Recorded information
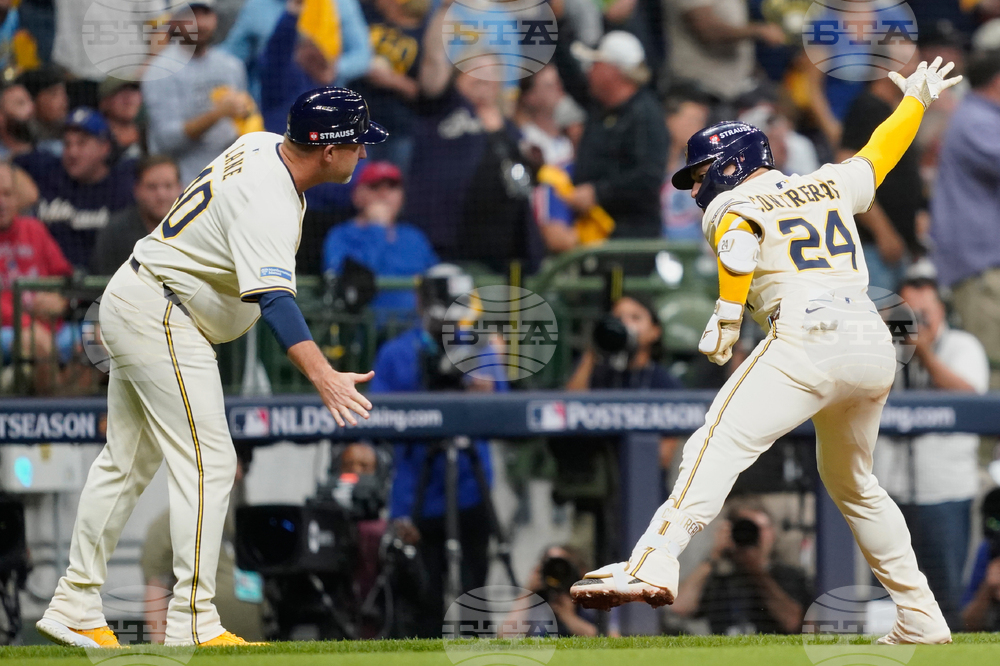 Milwaukee Brewers' William Contreras (24) celebrates with third base coach Jason Lane (40) after hitting a solo home run during the third inning of Game 2 of baseball's National League Division Series against the Chicago Cubs Monday, Oct. 6, 2025, in Milwaukee. (AP Photo/Kayla Wolf)
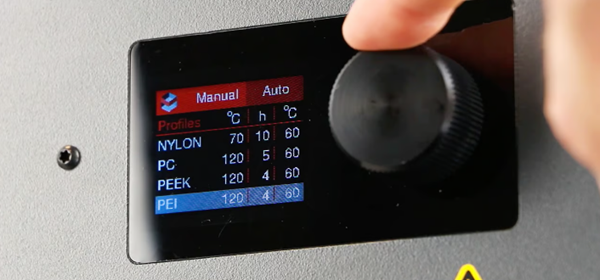 但是如果你使用長絲烘干機,比如PolyMaker的PolyDry,情況會怎樣?該機器不讓你設置溫度,而是有“功率等級”。PolyMaker建議在功率等級三下烘干任何PC長絲,據稱該等級低于70°C,持續(xù)六小時。但這比Bambu Lab建議的溫度要低,時間也短。
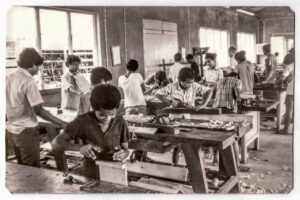 conta 75 allievi, tutti giovanotti sui 14- 18 anni, che in un triennio si preparano a una professione sicura. Ne è a capo il salesiano coadiutore Carlo Gamba: sta formando dei professionisti molto apprezzati. Non solo, ma si occupa anche di vocazioni (due suoi giovani si preparano a entrare in noviziato), e trova tempo per la scultura rifacendo statue, altari e tabernacoli che la guerra ha distrutto.

Task brief
Without the pictures, transcribe the listing above exactly.

Exercise output
 Milwaukee Brewers' William Contreras (24) celebrates with third base coach Jason Lane (40) after hitting a solo home run during the third inning of Game 2 of baseball's National League Division Series against the Chicago Cubs Monday, Oct. 6, 2025, in Milwaukee. (AP Photo/Kayla Wolf)
 但是如果你使用長絲烘干機,比如PolyMaker的PolyDry,情況會怎樣?該機器不讓你設置溫度,而是有“功率等級”。PolyMaker建議在功率等級三下烘干任何PC長絲,據稱該等級低于70°C,持續(xù)六小時。但這比Bambu Lab建議的溫度要低,時間也短。
 conta 75 allievi, tutti giovanotti sui 14- 18 anni, che in un triennio si preparano a una professione sicura. Ne è a capo il salesiano coadiutore Carlo Gamba: sta formando dei professionisti molto apprezzati. Non solo, ma si occupa anche di vocazioni (due suoi giovani si preparano a entrare in noviziato), e trova tempo per la scultura rifacendo statue, altari e tabernacoli che la guerra ha distrutto.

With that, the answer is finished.